• _EXERCISE BRIEF_: Your answer must be an exact copy of the records below, with no pictures in it.

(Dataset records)

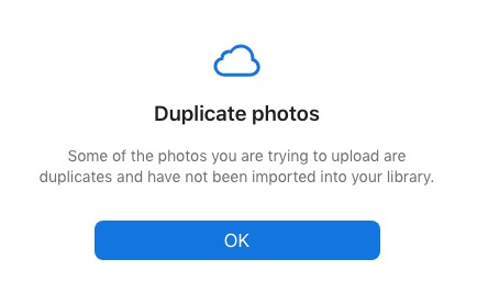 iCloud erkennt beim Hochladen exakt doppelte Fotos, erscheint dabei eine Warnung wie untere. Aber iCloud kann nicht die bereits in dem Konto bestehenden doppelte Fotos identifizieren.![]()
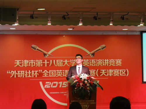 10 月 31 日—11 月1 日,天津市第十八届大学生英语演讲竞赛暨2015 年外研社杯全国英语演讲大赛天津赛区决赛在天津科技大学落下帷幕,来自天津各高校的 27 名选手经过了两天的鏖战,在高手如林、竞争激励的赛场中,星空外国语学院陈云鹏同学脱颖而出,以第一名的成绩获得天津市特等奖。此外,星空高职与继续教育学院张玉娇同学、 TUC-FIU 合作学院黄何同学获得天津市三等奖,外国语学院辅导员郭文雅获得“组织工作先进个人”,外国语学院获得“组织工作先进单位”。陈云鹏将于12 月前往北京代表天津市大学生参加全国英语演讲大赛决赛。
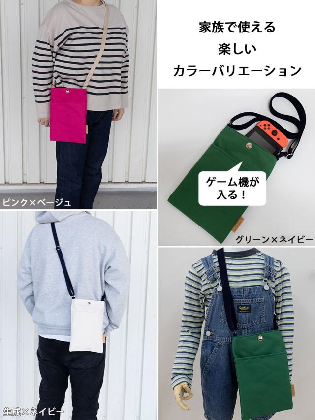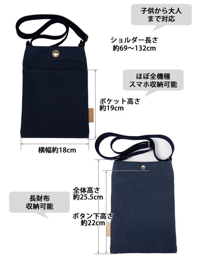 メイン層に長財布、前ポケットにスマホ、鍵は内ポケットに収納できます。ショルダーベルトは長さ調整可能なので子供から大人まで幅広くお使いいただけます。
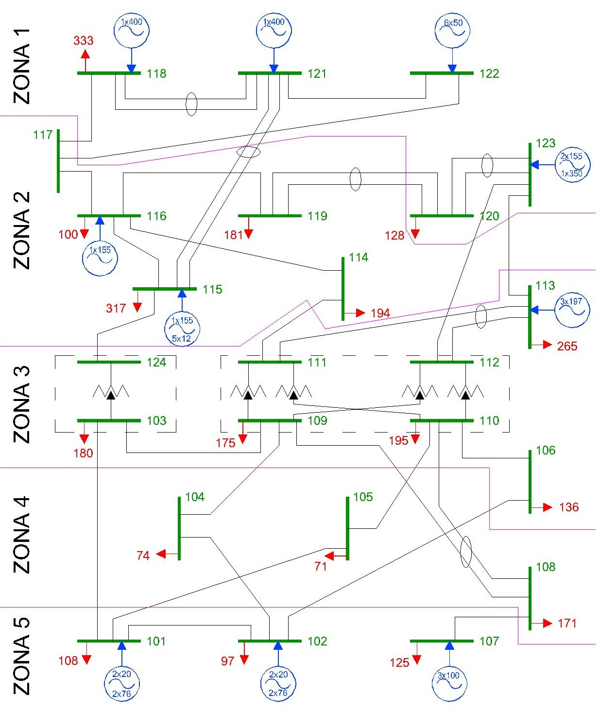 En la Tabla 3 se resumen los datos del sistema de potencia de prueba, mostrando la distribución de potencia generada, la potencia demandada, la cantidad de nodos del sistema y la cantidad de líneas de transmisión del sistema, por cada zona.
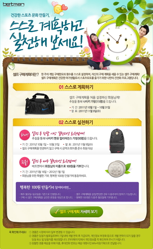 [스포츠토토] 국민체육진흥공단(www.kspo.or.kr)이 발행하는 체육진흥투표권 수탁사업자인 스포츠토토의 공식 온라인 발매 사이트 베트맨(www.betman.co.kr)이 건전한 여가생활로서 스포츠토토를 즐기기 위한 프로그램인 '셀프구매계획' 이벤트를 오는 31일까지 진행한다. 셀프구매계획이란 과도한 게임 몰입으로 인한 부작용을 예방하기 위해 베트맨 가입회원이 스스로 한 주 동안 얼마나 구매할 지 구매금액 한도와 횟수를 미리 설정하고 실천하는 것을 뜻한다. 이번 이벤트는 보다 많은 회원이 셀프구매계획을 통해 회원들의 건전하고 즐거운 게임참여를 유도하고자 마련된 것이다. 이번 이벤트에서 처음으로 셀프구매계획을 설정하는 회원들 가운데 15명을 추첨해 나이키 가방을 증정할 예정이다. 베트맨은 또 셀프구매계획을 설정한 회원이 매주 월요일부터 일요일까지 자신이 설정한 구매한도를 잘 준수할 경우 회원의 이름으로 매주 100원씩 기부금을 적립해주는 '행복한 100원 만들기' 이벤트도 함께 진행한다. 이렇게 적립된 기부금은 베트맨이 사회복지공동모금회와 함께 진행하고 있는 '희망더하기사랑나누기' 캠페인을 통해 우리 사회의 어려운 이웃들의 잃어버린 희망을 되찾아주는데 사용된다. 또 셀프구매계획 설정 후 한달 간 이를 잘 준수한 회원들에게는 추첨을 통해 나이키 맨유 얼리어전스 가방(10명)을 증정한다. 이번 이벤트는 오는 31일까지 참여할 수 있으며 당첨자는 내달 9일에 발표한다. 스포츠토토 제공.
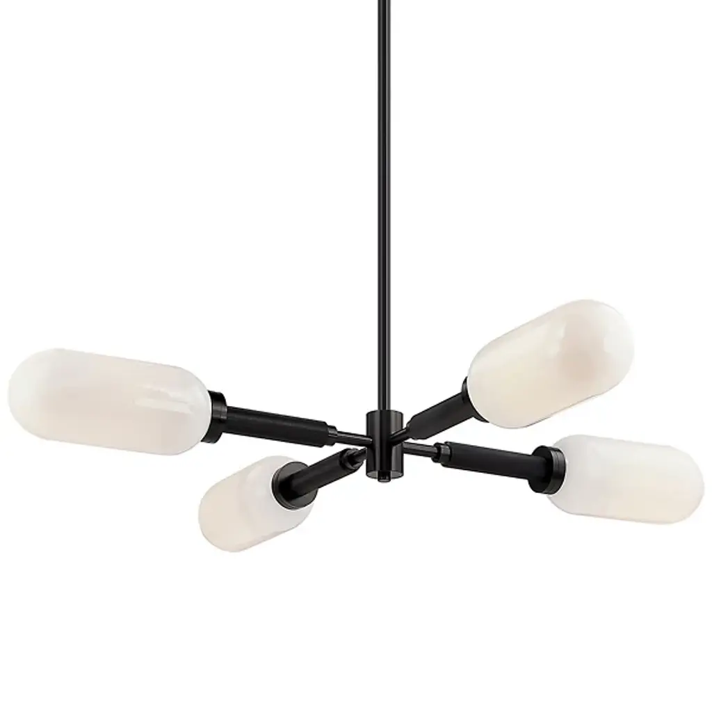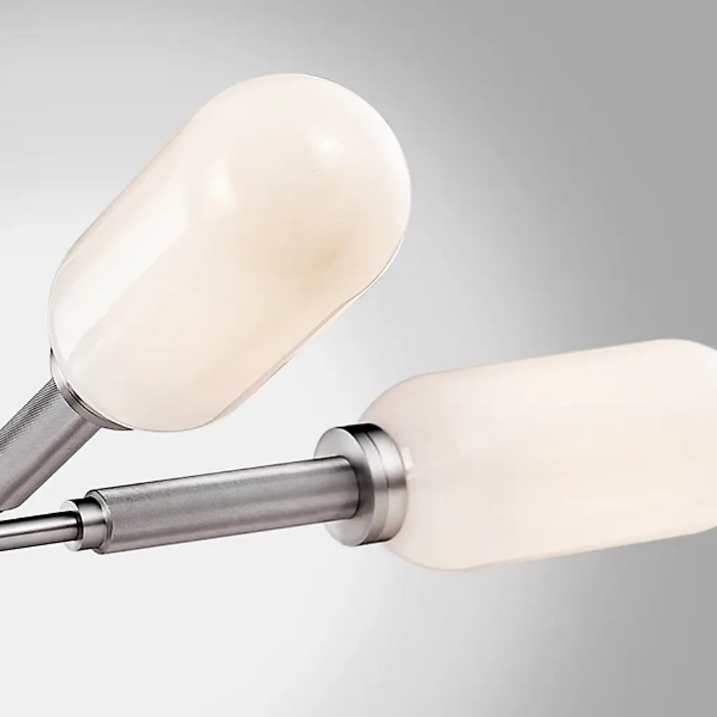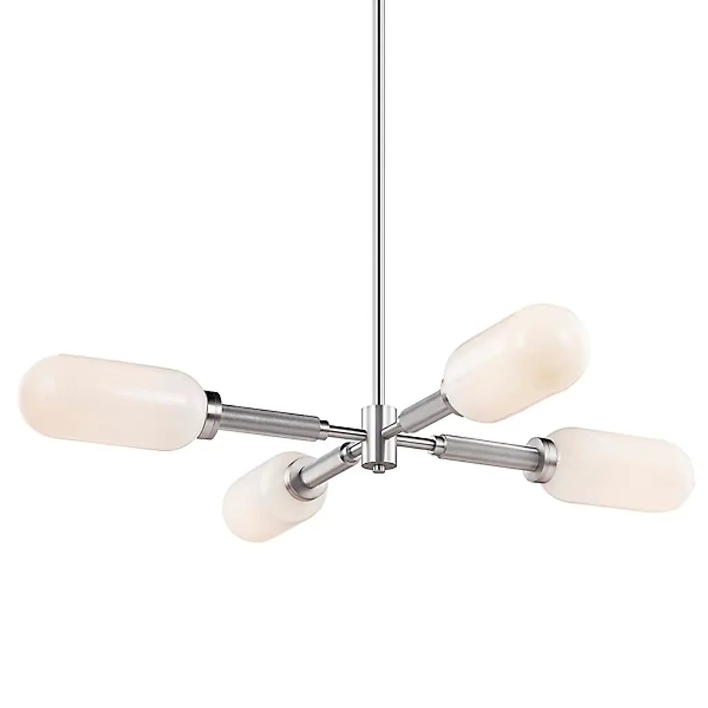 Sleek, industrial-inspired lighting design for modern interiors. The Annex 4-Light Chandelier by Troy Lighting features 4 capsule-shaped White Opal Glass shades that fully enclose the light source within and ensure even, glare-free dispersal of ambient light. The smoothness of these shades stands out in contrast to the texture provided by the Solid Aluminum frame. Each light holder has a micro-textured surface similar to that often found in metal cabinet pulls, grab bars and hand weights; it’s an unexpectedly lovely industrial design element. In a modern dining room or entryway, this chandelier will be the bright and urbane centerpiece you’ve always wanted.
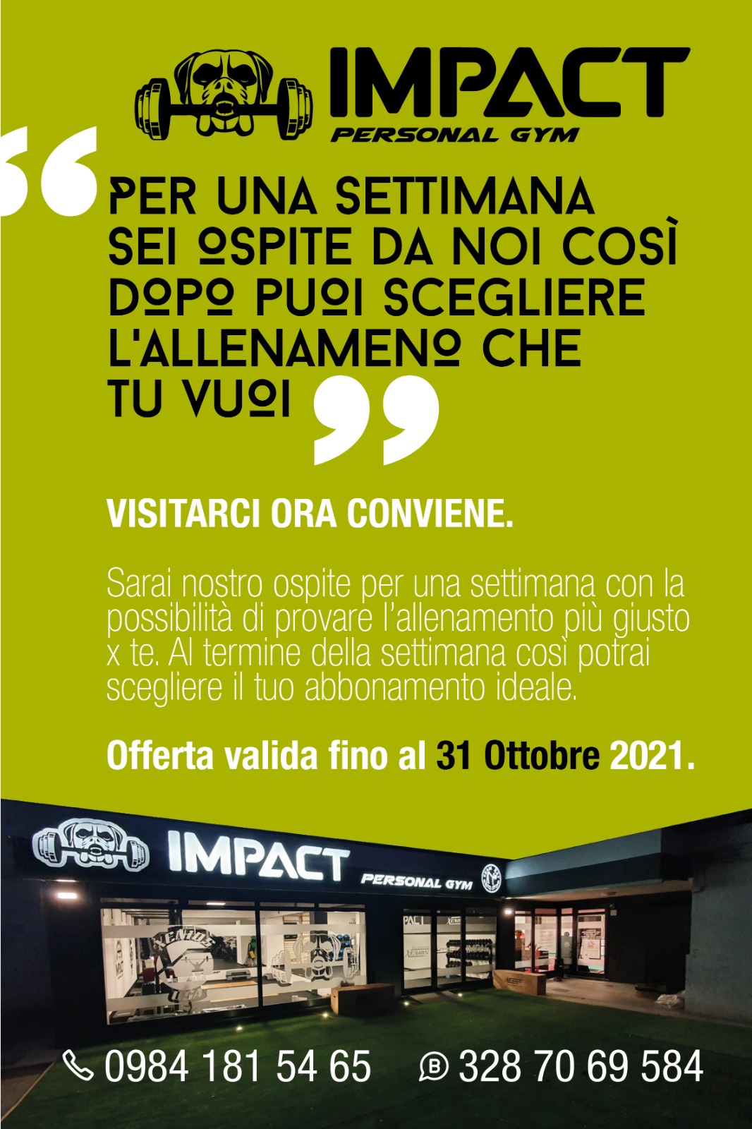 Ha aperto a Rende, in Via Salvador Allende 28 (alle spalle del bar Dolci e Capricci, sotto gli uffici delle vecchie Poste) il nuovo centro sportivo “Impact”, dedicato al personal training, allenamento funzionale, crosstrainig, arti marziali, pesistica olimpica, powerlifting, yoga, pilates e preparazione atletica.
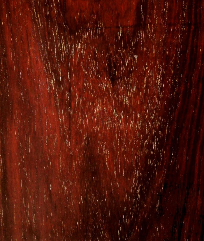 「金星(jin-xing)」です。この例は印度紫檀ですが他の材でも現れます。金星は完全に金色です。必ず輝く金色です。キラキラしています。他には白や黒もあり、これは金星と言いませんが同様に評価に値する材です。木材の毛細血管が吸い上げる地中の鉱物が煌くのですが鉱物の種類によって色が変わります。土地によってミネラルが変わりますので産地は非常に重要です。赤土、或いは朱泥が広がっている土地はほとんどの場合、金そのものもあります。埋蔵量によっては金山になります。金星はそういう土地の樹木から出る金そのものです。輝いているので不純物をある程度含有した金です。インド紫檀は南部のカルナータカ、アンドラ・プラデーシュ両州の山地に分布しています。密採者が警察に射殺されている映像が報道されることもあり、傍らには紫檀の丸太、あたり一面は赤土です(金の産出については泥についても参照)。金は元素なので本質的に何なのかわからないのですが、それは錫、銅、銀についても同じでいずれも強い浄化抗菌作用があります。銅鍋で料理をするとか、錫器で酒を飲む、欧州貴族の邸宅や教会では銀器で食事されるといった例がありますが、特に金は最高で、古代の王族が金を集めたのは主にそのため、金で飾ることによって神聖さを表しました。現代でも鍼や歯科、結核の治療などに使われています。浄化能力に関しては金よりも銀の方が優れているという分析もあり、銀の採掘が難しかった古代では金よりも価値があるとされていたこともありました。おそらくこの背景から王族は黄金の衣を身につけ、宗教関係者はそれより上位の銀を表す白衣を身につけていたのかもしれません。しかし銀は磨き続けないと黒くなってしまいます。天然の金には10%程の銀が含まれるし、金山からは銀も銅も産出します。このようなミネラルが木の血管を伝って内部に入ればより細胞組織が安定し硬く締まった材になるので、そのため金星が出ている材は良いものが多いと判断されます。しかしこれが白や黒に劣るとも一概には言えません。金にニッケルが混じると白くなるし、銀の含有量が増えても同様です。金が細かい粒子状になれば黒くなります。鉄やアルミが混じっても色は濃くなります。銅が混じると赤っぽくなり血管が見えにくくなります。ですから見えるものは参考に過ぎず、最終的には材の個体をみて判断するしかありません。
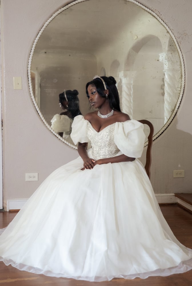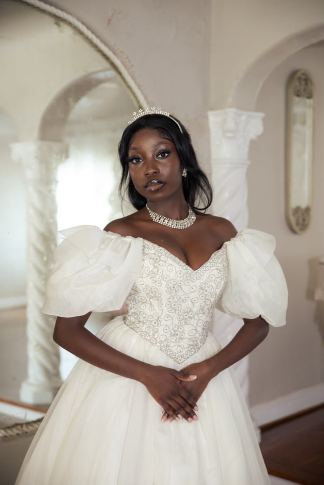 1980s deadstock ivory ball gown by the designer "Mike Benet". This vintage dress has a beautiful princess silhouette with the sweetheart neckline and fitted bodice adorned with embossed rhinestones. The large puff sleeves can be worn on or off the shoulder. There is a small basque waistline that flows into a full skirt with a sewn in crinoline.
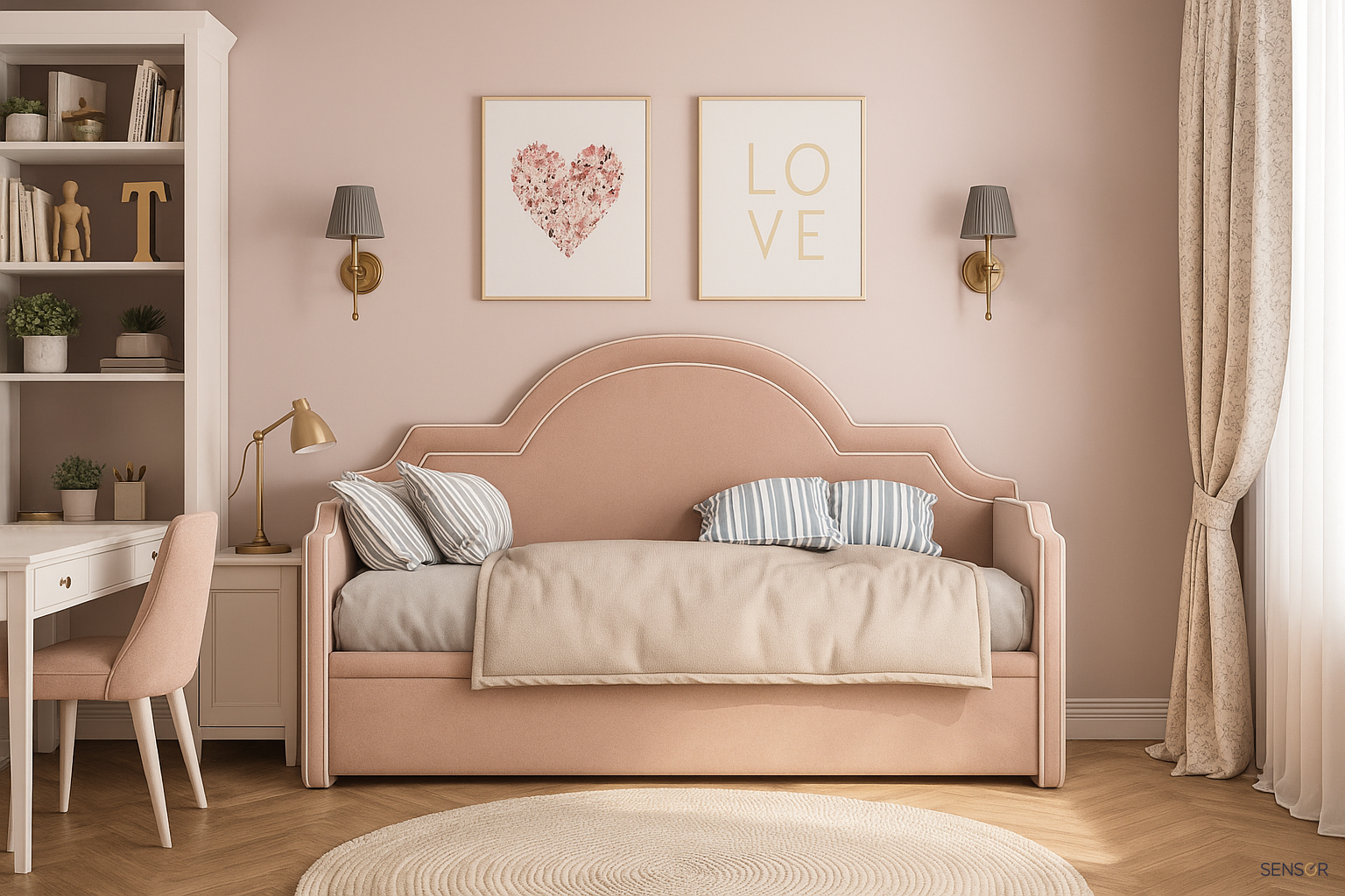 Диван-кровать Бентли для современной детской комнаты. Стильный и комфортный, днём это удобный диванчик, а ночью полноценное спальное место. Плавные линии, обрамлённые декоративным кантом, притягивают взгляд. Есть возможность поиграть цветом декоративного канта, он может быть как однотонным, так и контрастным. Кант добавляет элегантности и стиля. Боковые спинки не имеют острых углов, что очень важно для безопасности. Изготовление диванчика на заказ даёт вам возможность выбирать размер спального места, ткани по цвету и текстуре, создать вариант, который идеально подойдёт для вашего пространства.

• _RESULT BELOW_:
 iCloud erkennt beim Hochladen exakt doppelte Fotos, erscheint dabei eine Warnung wie untere. Aber iCloud kann nicht die bereits in dem Konto bestehenden doppelte Fotos identifizieren.![]()
 10 月 31 日—11 月1 日,天津市第十八届大学生英语演讲竞赛暨2015 年外研社杯全国英语演讲大赛天津赛区决赛在天津科技大学落下帷幕,来自天津各高校的 27 名选手经过了两天的鏖战,在高手如林、竞争激励的赛场中,星空外国语学院陈云鹏同学脱颖而出,以第一名的成绩获得天津市特等奖。此外,星空高职与继续教育学院张玉娇同学、 TUC-FIU 合作学院黄何同学获得天津市三等奖,外国语学院辅导员郭文雅获得“组织工作先进个人”,外国语学院获得“组织工作先进单位”。陈云鹏将于12 月前往北京代表天津市大学生参加全国英语演讲大赛决赛。
 メイン層に長財布、前ポケットにスマホ、鍵は内ポケットに収納できます。ショルダーベルトは長さ調整可能なので子供から大人まで幅広くお使いいただけます。
 En la Tabla 3 se resumen los datos del sistema de potencia de prueba, mostrando la distribución de potencia generada, la potencia demandada, la cantidad de nodos del sistema y la cantidad de líneas de transmisión del sistema, por cada zona.
 [스포츠토토] 국민체육진흥공단(www.kspo.or.kr)이 발행하는 체육진흥투표권 수탁사업자인 스포츠토토의 공식 온라인 발매 사이트 베트맨(www.betman.co.kr)이 건전한 여가생활로서 스포츠토토를 즐기기 위한 프로그램인 '셀프구매계획' 이벤트를 오는 31일까지 진행한다. 셀프구매계획이란 과도한 게임 몰입으로 인한 부작용을 예방하기 위해 베트맨 가입회원이 스스로 한 주 동안 얼마나 구매할 지 구매금액 한도와 횟수를 미리 설정하고 실천하는 것을 뜻한다. 이번 이벤트는 보다 많은 회원이 셀프구매계획을 통해 회원들의 건전하고 즐거운 게임참여를 유도하고자 마련된 것이다. 이번 이벤트에서 처음으로 셀프구매계획을 설정하는 회원들 가운데 15명을 추첨해 나이키 가방을 증정할 예정이다. 베트맨은 또 셀프구매계획을 설정한 회원이 매주 월요일부터 일요일까지 자신이 설정한 구매한도를 잘 준수할 경우 회원의 이름으로 매주 100원씩 기부금을 적립해주는 '행복한 100원 만들기' 이벤트도 함께 진행한다. 이렇게 적립된 기부금은 베트맨이 사회복지공동모금회와 함께 진행하고 있는 '희망더하기사랑나누기' 캠페인을 통해 우리 사회의 어려운 이웃들의 잃어버린 희망을 되찾아주는데 사용된다. 또 셀프구매계획 설정 후 한달 간 이를 잘 준수한 회원들에게는 추첨을 통해 나이키 맨유 얼리어전스 가방(10명)을 증정한다. 이번 이벤트는 오는 31일까지 참여할 수 있으며 당첨자는 내달 9일에 발표한다. 스포츠토토 제공.
 Sleek, industrial-inspired lighting design for modern interiors. The Annex 4-Light Chandelier by Troy Lighting features 4 capsule-shaped White Opal Glass shades that fully enclose the light source within and ensure even, glare-free dispersal of ambient light. The smoothness of these shades stands out in contrast to the texture provided by the Solid Aluminum frame. Each light holder has a micro-textured surface similar to that often found in metal cabinet pulls, grab bars and hand weights; it’s an unexpectedly lovely industrial design element. In a modern dining room or entryway, this chandelier will be the bright and urbane centerpiece you’ve always wanted.
 Ha aperto a Rende, in Via Salvador Allende 28 (alle spalle del bar Dolci e Capricci, sotto gli uffici delle vecchie Poste) il nuovo centro sportivo “Impact”, dedicato al personal training, allenamento funzionale, crosstrainig, arti marziali, pesistica olimpica, powerlifting, yoga, pilates e preparazione atletica.
 「金星(jin-xing)」です。この例は印度紫檀ですが他の材でも現れます。金星は完全に金色です。必ず輝く金色です。キラキラしています。他には白や黒もあり、これは金星と言いませんが同様に評価に値する材です。木材の毛細血管が吸い上げる地中の鉱物が煌くのですが鉱物の種類によって色が変わります。土地によってミネラルが変わりますので産地は非常に重要です。赤土、或いは朱泥が広がっている土地はほとんどの場合、金そのものもあります。埋蔵量によっては金山になります。金星はそういう土地の樹木から出る金そのものです。輝いているので不純物をある程度含有した金です。インド紫檀は南部のカルナータカ、アンドラ・プラデーシュ両州の山地に分布しています。密採者が警察に射殺されている映像が報道されることもあり、傍らには紫檀の丸太、あたり一面は赤土です(金の産出については泥についても参照)。金は元素なので本質的に何なのかわからないのですが、それは錫、銅、銀についても同じでいずれも強い浄化抗菌作用があります。銅鍋で料理をするとか、錫器で酒を飲む、欧州貴族の邸宅や教会では銀器で食事されるといった例がありますが、特に金は最高で、古代の王族が金を集めたのは主にそのため、金で飾ることによって神聖さを表しました。現代でも鍼や歯科、結核の治療などに使われています。浄化能力に関しては金よりも銀の方が優れているという分析もあり、銀の採掘が難しかった古代では金よりも価値があるとされていたこともありました。おそらくこの背景から王族は黄金の衣を身につけ、宗教関係者はそれより上位の銀を表す白衣を身につけていたのかもしれません。しかし銀は磨き続けないと黒くなってしまいます。天然の金には10%程の銀が含まれるし、金山からは銀も銅も産出します。このようなミネラルが木の血管を伝って内部に入ればより細胞組織が安定し硬く締まった材になるので、そのため金星が出ている材は良いものが多いと判断されます。しかしこれが白や黒に劣るとも一概には言えません。金にニッケルが混じると白くなるし、銀の含有量が増えても同様です。金が細かい粒子状になれば黒くなります。鉄やアルミが混じっても色は濃くなります。銅が混じると赤っぽくなり血管が見えにくくなります。ですから見えるものは参考に過ぎず、最終的には材の個体をみて判断するしかありません。
 1980s deadstock ivory ball gown by the designer "Mike Benet". This vintage dress has a beautiful princess silhouette with the sweetheart neckline and fitted bodice adorned with embossed rhinestones. The large puff sleeves can be worn on or off the shoulder. There is a small basque waistline that flows into a full skirt with a sewn in crinoline.
 Диван-кровать Бентли для современной детской комнаты. Стильный и комфортный, днём это удобный диванчик, а ночью полноценное спальное место. Плавные линии, обрамлённые декоративным кантом, притягивают взгляд. Есть возможность поиграть цветом декоративного канта, он может быть как однотонным, так и контрастным. Кант добавляет элегантности и стиля. Боковые спинки не имеют острых углов, что очень важно для безопасности. Изготовление диванчика на заказ даёт вам возможность выбирать размер спального места, ткани по цвету и текстуре, создать вариант, который идеально подойдёт для вашего пространства.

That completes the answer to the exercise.